2021 Svendborg municipal election
| 16 November 2021 |

All 29 seats to the Svendborg Municipal Council 15 seats needed for a majority
- Turnout: 33,686 (71.0%) ▼3.8pp
|  | First party | Second party | Third party |
|  | A | V | Ø |
| Party | Social Democrats | Venstre | Red–Green Alliance |
| Last election | 10 seats, 30.0% | 6 seats, 19.2% | 3 seats, 11.1% |
| Seats won | 11 | 7 | 3 |
| Seat change | +1 | +1 | 0 |
| Popular vote | 11,897 | 6,558 | 3,518 |
| Percentage | 35.9% | 19.8% | 10.6% |
| Swing | +5.9% | +0.6% | −0.5% |
|  | Fourth party | Fifth party | Sixth party |
|  | C | F | B |
| Party | Conservatives | Green Left | Social Liberals |
| Last election | 2 seats, 8.0% | 1 seat, 3.9% | 2 seats, 4.3% |
| Seats won | 3 | 2 | 2 |
| Seat change | +1 | +1 | 0 |
| Popular vote | 3,134 | 2,470 | 1,714 |
| Percentage | 9.5% | 7.4% | 5.2% |
| Swing | +1.5% | +3.5% | +0.9% |
|  | Seventh party | Eighth party |
|  | O | Å |
| Party | Danish People's Party | The Alternative |
| Last election | 4 seats, 13.9% | 1 seat, 3.3% |
| Seats won | 1 | 0 |
| Seat change | −3 | −1 |
| Popular vote | 1,162 | 377 |
| Percentage | 3.5% | 1.1% |
| Swing | −10.4% | −2.2% |
| Mayor before election Bo Hansen Social Democrats | Mayor after election Bo Hansen Social Democrats |

= 2021 Svendborg municipal election =

The incumbent mayor had lost the position after all three elections that had been held in Svendborg Municipality following the 2007 municipal reform.

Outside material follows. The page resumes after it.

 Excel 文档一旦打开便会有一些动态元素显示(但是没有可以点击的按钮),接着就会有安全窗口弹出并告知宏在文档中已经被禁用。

Bo Hansen from the Social Democrats had become mayor following the last election. He intended to be re-elected following this election.

In the election result, the Social Democrats would be the biggest winners. The whole red bloc would gain 2 seats and lose 1, and with 18 seats, it seemed like an easy path for Bo Hansen to continue. This was later confirmed.

The constitution was agreed between the Social Liberals, the Conservatives, Green Left, Danish People's Party and the Red–Green Alliance. This was remarkbly without Venstre who had become the second largest party.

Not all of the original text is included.